В мечтах Дуг видел себя по меньшей мере Борисом Вальехо. Он старательно выводил на тонкой бумаге мускулистых девиц в доспехах – доспехи прикрывали только стратегически неприличные места, а мускулы были нарисованы там, где по его представлению они должны находиться. Он рисовал лошадей, драконов, спортивные автомобили и детей. Дуглас Фогерти бросил колледж ради художественной школы и проучился два с половиной года. Серьёзно. Нет, конечно, из колледжа его выгнали за непроходимую тупость, но рисовать он действительно учился – упорно и старательно, изводя всю бумагу, карандаши и шариковые ручки, которые находил вокруг; и действительно ходил в эту свою школу два с половиной года, не пропустив ни занятия. Глядя на даты (всякий его рисунок был украшен старательно выведенной датой и замысловато соединёнными буквами DF), я обнаружил, что сегодняшние и двухлетней давности рисунки не отличаются ничем. Те же беспомощные грудастые тётки с вывихнутыми локтями и подобием варежек вместо кистей рук – Дуг не умел рисовать пальцы. Те же кривоногие лошади, плоские машины и перекособоченные чашки в натюрмортах. Он, видимо, понимал, что ничего не получается, но из последних сил надеялся, что я обнаружу в его мазне что-нибудь интересное.

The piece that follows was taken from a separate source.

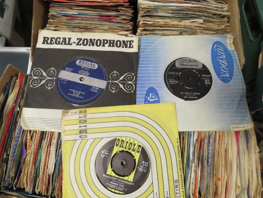 TWO BOXES COMPRISING APPROX 500 7" SINGLE RECORDS TO INCLUDE TONY HAZZARD, FREDDIE & THE DREAMERS ETC
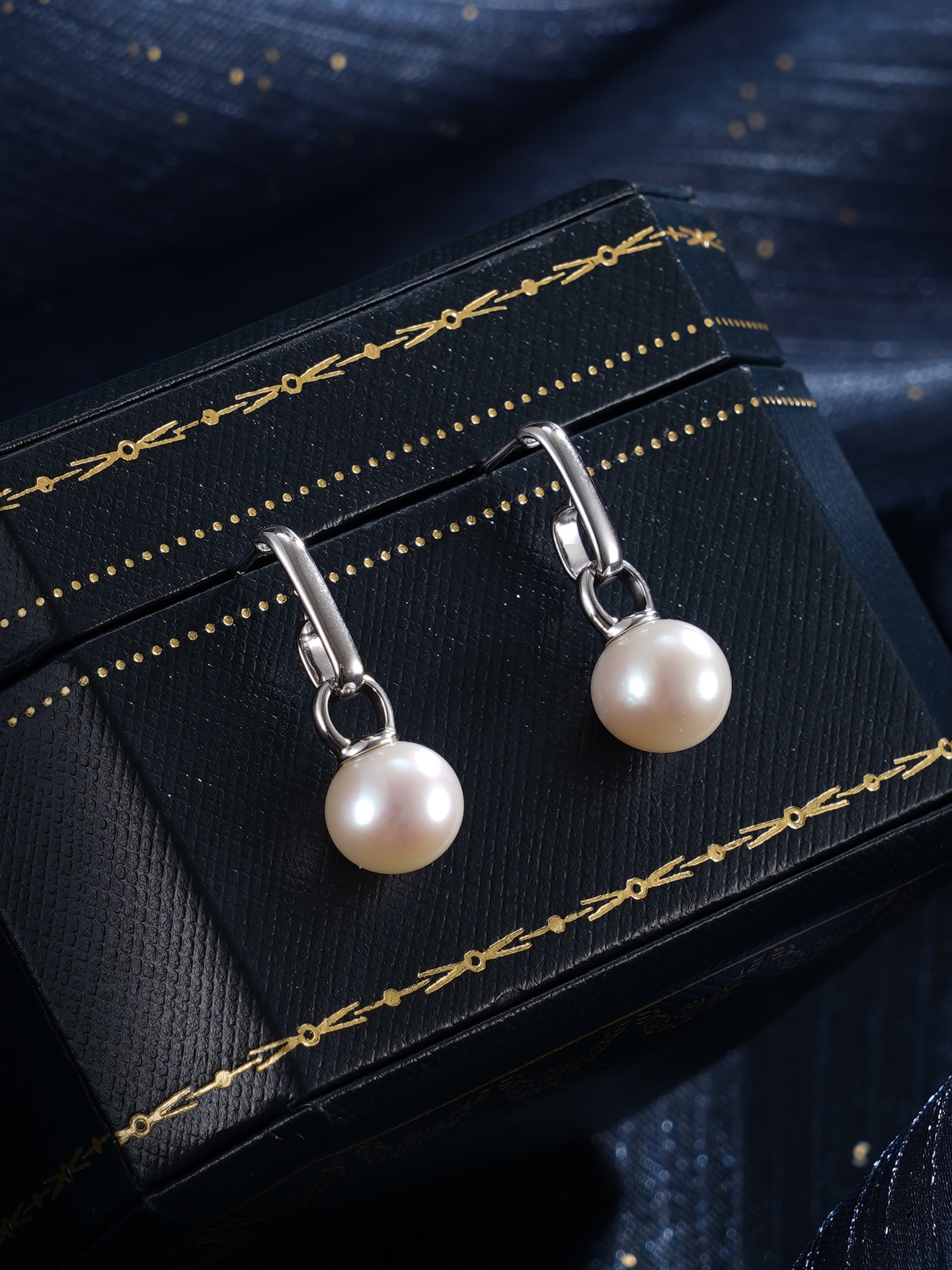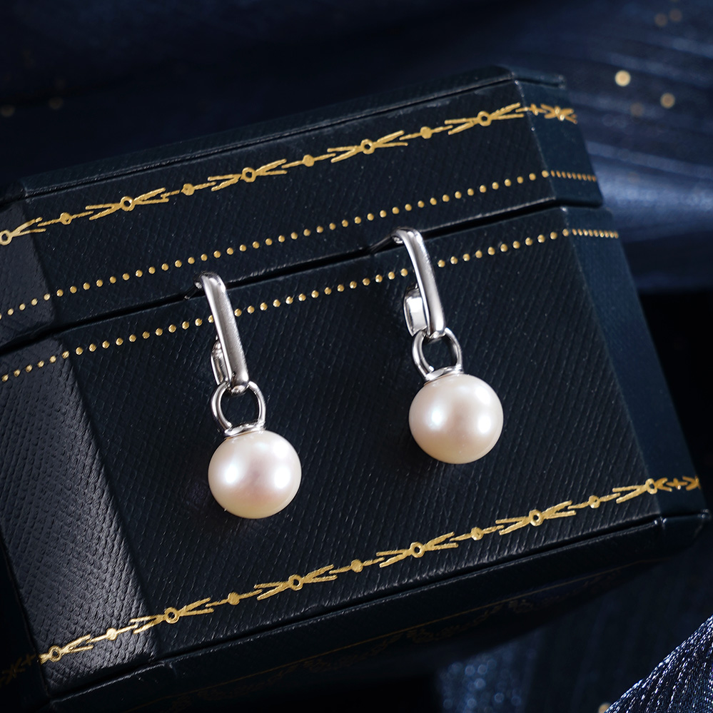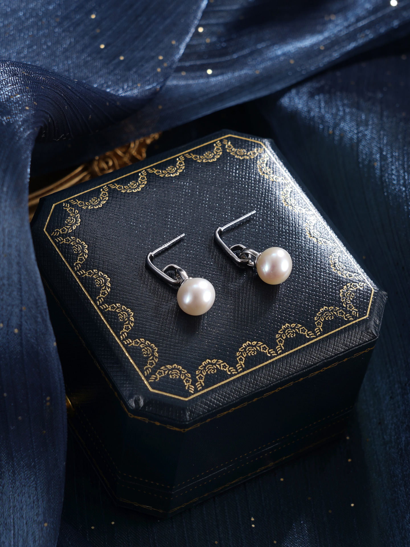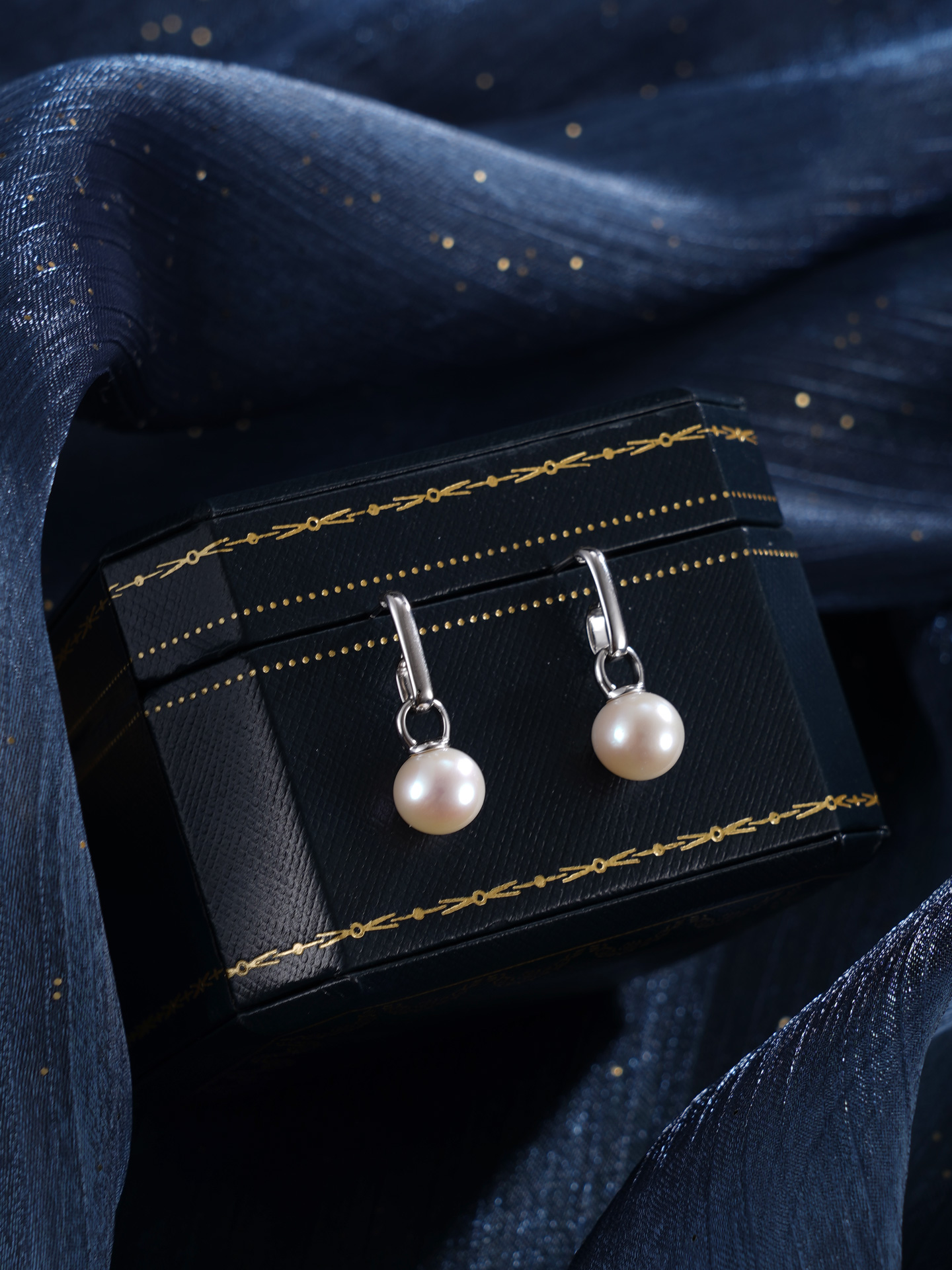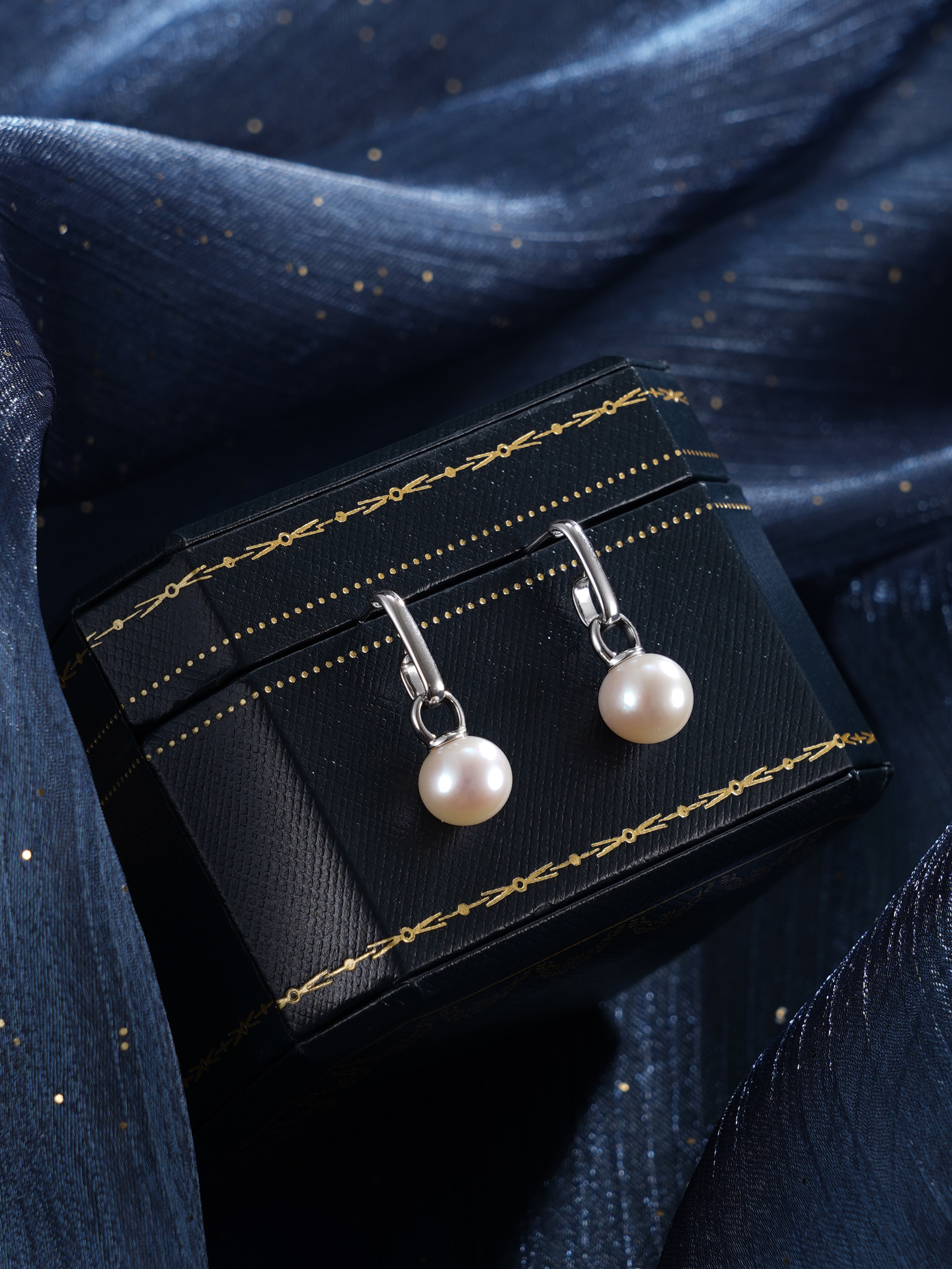 子佩集【微光凝露】银S925珍珠惜王妃耳钉【SPE0370001】8-9mm珠吊球2601

И я обнаружил, конечно. Точнее, сделал вид. Этим я купил Дугласа с потрохами.
Я хотел завести собаку – наверное, лабрадора, чтобы сидел у меня в комнате на полу, тыкался носом в колени, таскал в зубах палки и приносил на лапах пляжный песок, недолго хотел – ровно тридцать семь дней после развода. А теперь у меня каждый день сидел Дуглас Фогерти и нёс потрясающую околесицу. Дуг был чем-то средним между дыркой в зубе и колыбельной песней, он раздражал и успокаивал одновременно, и думать о нём как о настоящем человеке было сложно. Всех людей, похожих на Дугласа, я выкинул из своей жизни ко всем чертям. Уже лет двадцать как. Потому что бестолковые существа. И то, что с одними мы вместе ходили в школу, а с другими жили в одном квартале, их не оправдывает.
Однажды я подумал, что он – симпатичная обезьяна. Стало неприятно. Пускай уж лучше лабрадор.
Дуг писал стихи. Для своей силиконовой Мэгги. Он читал их мне, а я делал вид, что слушал, а иногда даже слушал всерьёз: это было смешно. Стыдно, но всё равно смешно. Как-то раз, ухохотавшись про себя вдоволь над очередными «фиалковыми глазами», я прочёл ему сто тридцатый сонет Шекспира, и Дуг спросил… Серьёзно, он спросил: «А чем у меня хуже?»